2. According to the records, the plaintiff's legal representative is only one person who actually received at least three weeks' treatment from among six victims of the above victims who suffered serious injury requiring three weeks' treatment due to traffic accident at the first date for pleading of the court below. One of the five remaining five persons did not receive medical treatment, and four persons submitted a written request for medical treatment for the above victims with the evidence Nos. 4 through 8-2 to prove the fact, and the defendant's legal representative responded to the establishment of each of the above documentary evidence and disputed the establishment of the appeal.
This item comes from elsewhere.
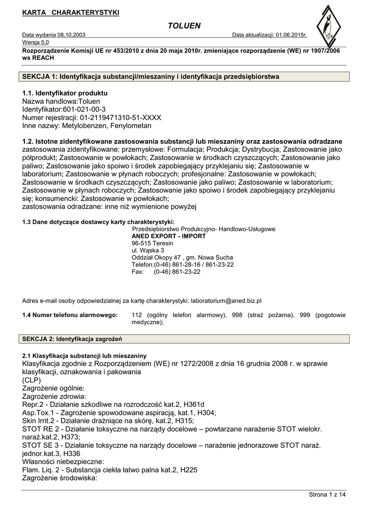 KARTA CHARAKTERYSTYKI TOLUEN Data wydania 08,10,2003 Wersja 5,0 Data aktualizacji: 01.06.2015r. Rozporządzenie Komisji UE nr 453/2010 z dnia 20 maja 2010r. zmieniające rozporządzenie (WE) nr 1907/2006 ws REACH SEKCJA 1: Identyfikacja substancji/mieszaniny i identyfikacja przedsiębiorstwa 1.1. Identyfikator produktu Nazwa handlowa:Toluen Identyfikator:601-021-00-3 Numer rejestracji: 01-2119471310-51-XXXX Inne nazwy: Metylobenzen, Fenylometan 1.2. Istotne zidentyfikowane zastosowania substancji lub mieszaniny oraz zastosowania odradzane zastosowania zidentyfikowane: przemysłowe: Formulacja; Produkcja; Dystrybucja; Zastosowanie jako półprodukt; Zastosowanie w powłokach; Zastosowanie w środkach czyszczących; Zastosowanie jako paliwo; Zastosowanie jako spoiwo i środek zapobiegający przyklejaniu się; Zastosowanie w laboratorium; Zastosowanie w płynach roboczych; profesjonalne: Zastosowanie w powłokach; Zastosowanie w środkach czyszczących; Zastosowanie jako paliwo; Zastosowanie w laboratorium; Zastosowanie w płynach roboczych; Zastosowanie jako spoiwo i środek zapobiegający przyklejaniu się; konsumencki: Zastosowanie w powłokach; zastosowania odradzane: inne niż wymienione powyżej 1.3 Dane dotyczące dostawcy karty charakterystyki: Przedsiębiorstwo Produkcyjno- Handlowo-Usługowe ANED EXPORT - IMPORT 96-515 Teresin ul. Wąska 3 Oddział Okopy 47 , gm. Nowa Sucha Telefon:(0-46) 861-28-16 / 861-23-22 Fax: (0-46) 861-23-22 Adres e-mail osoby odpowiedzialnej za kartę charakterystyki: [email protected] 1.4 Numer telefonu alarmowego: 112 (ogólny telefon alarmowy), 998 (straż pożarna), 999 (pogotowie medyczne); SEKCJA 2: Identyfikacja zagrożeń 2.1 Klasyfikacja substancji lub mieszaniny Klasyfikacja zgodnie z Rozporządzeniem (WE) nr 1272/2008 z dnia 16 grudnia 2008 r. w sprawie klasyfikacji, oznakowania i pakowania (CLP) Zagrożenie ogólnie: Zagrożenie zdrowia: Repr.2 - Działanie szkodliwe na rozrodczość kat.2, H361d Asp.Tox.1 - Zagrożenie spowodowane aspiracją, kat.1, H304; Skin Irrit.2 - Działanie drażniące na skórę, kat.2, H315; STOT RE 2 - Działanie toksyczne na narządy docelowe – powtarzane narażenie STOT wielokr. naraż.kat.2, H373; STOT SE 3 - Działanie toksyczne na narządy docelowe – narażenie jednorazowe STOT naraż. jednor.kat.3, H336 Własności niebezpieczne: Flam. Liq. 2 - Substancja ciekła łatwo palna kat.2, H225 Zagrożenie środowiska: Strona 1 z 14 KARTA CHARAKTERYSTYKI TOLUEN Data wydania 08,10,2003 Wersja 5,0 Data aktualizacji: 01.06.2015r. Rozporządzenie Komisji UE nr 453/2010 z dnia 20 maja 2010r. zmieniające rozporządzenie (WE) nr 1907/2006 ws REACH nie dotyczy 2.2 Elementy oznakowania: NIEBEZPIECZEŃSTWO Zwroty wskazujące rodzaj zagrożenia: H225 - Wysoce łatwo palna ciecz i pary H304 - Połknięcie i dostanie się przez drogi oddechowe może grozić śmiercią H373 - Może powodować uszkodzenie narządów, poprzez długotrwałe lub powtarzane narażenie H315 - Działa drażniąco na skórę H336 - Może wywoływać uczucie senności lub zawroty głowy H361d - Podejrzewa się, że działa szkodliwie na dziecko w łonie matki Zwroty określające warunki bezpiecznego stosowania: P202 Nie używać przed zapoznaniem się i zrozumieniem wszystkich środków bezpieczeństwa. P210 Przechowywać z dala od źródeł ciepła/iskrzenia/otwartego ognia/gorących powierzchni. – Palenie wzbronione. P243 Przedsięwziąć środki ostrożności zapobiegające elektrostatycznemu rozładowaniu. P280 Stosować rękawice ochronne/odzież ochronną/ochronę oczu/ochronę twarzy. P303+P361+P353 W PRZYPADKU KONTATKU ZE SKÓRĄ (lub z włosami): Natychmiast usunąć/zdjąć całą zanieczyszczoną odzież. Spłukać skórę pod strumieniem wody/prysznicem. P301+P310 W PRZYPADKU POŁKNIĘCIA: Natychmiast skontaktować się z OŚRODKIEM ZATRUĆ lub z lekarzem. P331 NIE wywoływać wymiotów. 2.3. Inne zagrożenia Substancja nie spełnia kryteriów PBT lub vPvB zgodnie z załącznikiem XIII. Pary mogą tworzyć mieszaniny wybuchowe z powietrzem. Pary są cięższe od powietrza, rozprzestrzeniają się przy powierzchni ziemi, gromadzą się w dolnych partiach pomieszczeń. Zamknięte pojemniki narażone na działanie ognia lub wysokiej temperatury mogą wybuchać w wyniku wzrostu ciśnienia wewnątrz nich. SEKCJA 3: Skład/informacja o składnikach 3.1 Substancja: Skład wg Rozporządzenia 1272/2008. Toluen > 99,0% Nr CAS: 108-88-3 Nr indeksowy: 601-021-00-3 Nr WE: 203-625-9 SEKCJA 4: Środki pierwszej pomocy 4.1. Opis środków pierwszej pomocy Strona 2 z 14 KARTA CHARAKTERYSTYKI TOLUEN Data wydania 08,10,2003 Wersja 5,0 Data aktualizacji: 01.06.2015r. Rozporządzenie Komisji UE nr 453/2010 z dnia 20 maja 2010r. zmieniające rozporządzenie (WE) nr 1907/2006 ws REACH Wdychanie: W razie narażenia inhalacyjnego wezwać pomoc medyczną. Gdy poszkodowany jest przytomny wyprowadzić poszkodowanego z miejsca narażenia. Zapewnić spokój w dowolnej pozycji, chronić przed utratą ciepła. W przypadku duszności - wykwalifikowany personel medyczny powienien podać tlen. Nieprzytomnego - wynieść z miejsca narażenia, ułożyć w pozycji bocznej, usunąć z jamy ustnej protezy i inne ciała obce. Jeżeli poszkodowany nie oddycha - zastosować sztuczne oddychanie metodą ustausta. Kontakt ze skórą: Zdjąć zanieczyszczoną odzież. Zanieczyszczoną skórę umyć wodą z mydłem, a następnie dokładnie spłukać dużą ilością wody. W przypadku wystąpienia i utrzymywania się podrażnienia lub jakichkolwiek innych objawów skonsultować się z lekarzem. Kontakt z oczami: W razie kontaktu z oczami płukać obficie wodą przez ok. 15 min przy otwartych powiekach. Usunąć szkła kontaktowe. Zapewnić konsultację okulistyczną. Spożycie: W razie połknięcia nie wywoływać wymiotów. Podać 150 ml płynnej parafiny. Nie podawać mleka, tłuszczów, alkoholu. W przypadku duszności - wykwalifikowany personel medyczny powienien podać tlen. Natyc

However, each of the above documentary evidence was signed by the court below on the date for pleading of the above three weeks, and it is acknowledged that the above evidence No. 2-1 through No. 6 of the above evidence No. 2-6 (Dismissal), and each of the above plaintiffs' legal representatives could not be found to have been found to have been found to have been found to have been found to have been found to have been found to have been found to have been found to have been found to have been found to have existed at each of the above plaintiff's legal representative hospital.

In addition, when examining the contents of the evidence Nos. 2-1 to 6 of the above evidence Nos. 2-1 to 6 employed by the court below, each of the above diagnosis statements stating that "a about three (3) weeks of injury of the above victims is deemed to require medical treatment", but it is also stated that "the name of diagnosis and the period of medical treatment may be changed because it is the first diagnosis because of the first diagnosis" in the remarks column. Thus, in this case where the plaintiff's attorney is claiming this issue as above, it is doubtful whether the above evidence Nos. 2-1 to 6 can be determined that the above six victims suffered serious injury requiring medical treatment of more than three (3) weeks.

Therefore, the judgment of the court below which found that the above documentary evidence submitted by the plaintiff (the claim for medical expenses) and whether the above documentary evidence was duly formed and whether the six victims were actually treated, without examining about how much they were actually treated, and that only the above written evidence Nos. 2-1 through 6, merely stated the first medical examination, the above victims suffered serious injury in need of three weeks of medical treatment due to the above traffic accident, shall not be deemed to have violated the rules of evidence or not, without neglecting the exercise of the right to request for the explanation, and there is no violation of the rules of evidence.

3. Meanwhile, according to Article 2 subparagraph 4 of the Regulations on the Disposition, etc. of Revocation, etc. of Business License under Article 31 of the Automobile Transport Business Act, which is the Ordinance of the Ministry of Transport, the term "serious" means a person who suffers from an injury requiring at least three weeks' medical treatment as a result of a doctor's diagnosis, and Article 2 subparagraph 6 (c) of the same Rules defining "serious traffic accident" and Article 2 subparagraph 6 (c) of the same Rules, which define the "serious traffic accident", stipulate that the whole cancellation of business license or business registration, partial cancellation of business license or business registration, and the disposition standards for cancellation of a license or registration of a non-compliant vehicle shall be set forth in Article 3 (2) [Attachment Table 3] subparagraph 2-e (e) of the same Rules, if the number of persons who suffered at least three weeks' medical treatment due to the above traffic accident exceeds that of the plaintiff, it is clear that the court below's disposition of this case is unlawful.

4. The judgment of the court below is reversed and the case is remanded to the court below for a new trial and determination. It is so decided as per Disposition by the assent of all participating judges.